INSTRUCTIONS TO FOLLOW =>
A faithful copy of the listing below is needed, one that contains no pictures.

DATA PROVIDED =>
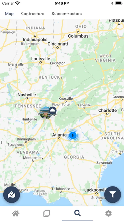 Users can request a COI through the 1-click COI request tool and search for subcontractors by list or the detailed map in the app.
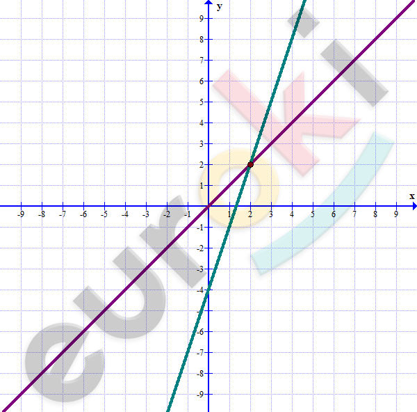 \[\left\{ \begin{matrix} y - x = 0\ \ \\ 3x - y = 4 \\ \end{matrix} \right.\ \text{\ \ \ \ \ \ \ \ \ \ \ }\left\{ \begin{matrix} y = x\ \ \ \ \ \ \ \ \ \ \ \\ y = 3x - 4 \\ \end{matrix} \right.\ \]
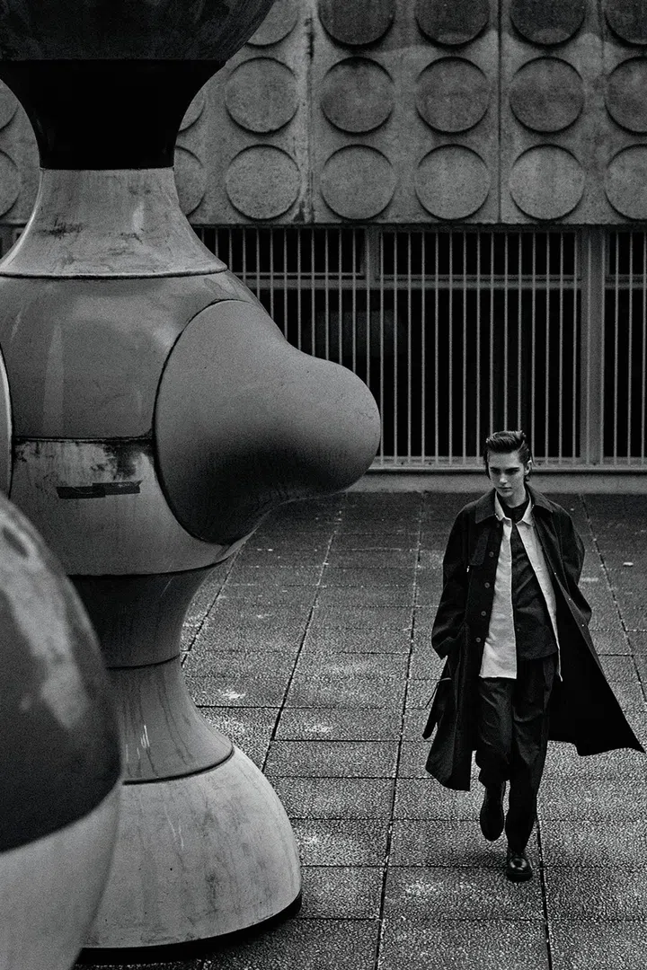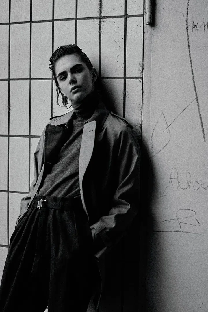 Wool trenchcoat, matching pants, and cotton shirt, Hermes. Leather derby shoes, Valentino. Shirt (worn underneath), stylist’s own.

RESULT BELOW =>
 Users can request a COI through the 1-click COI request tool and search for subcontractors by list or the detailed map in the app.
 \[\left\{ \begin{matrix} y - x = 0\ \ \\ 3x - y = 4 \\ \end{matrix} \right.\ \text{\ \ \ \ \ \ \ \ \ \ \ }\left\{ \begin{matrix} y = x\ \ \ \ \ \ \ \ \ \ \ \\ y = 3x - 4 \\ \end{matrix} \right.\ \]
 Wool trenchcoat, matching pants, and cotton shirt, Hermes. Leather derby shoes, Valentino. Shirt (worn underneath), stylist’s own.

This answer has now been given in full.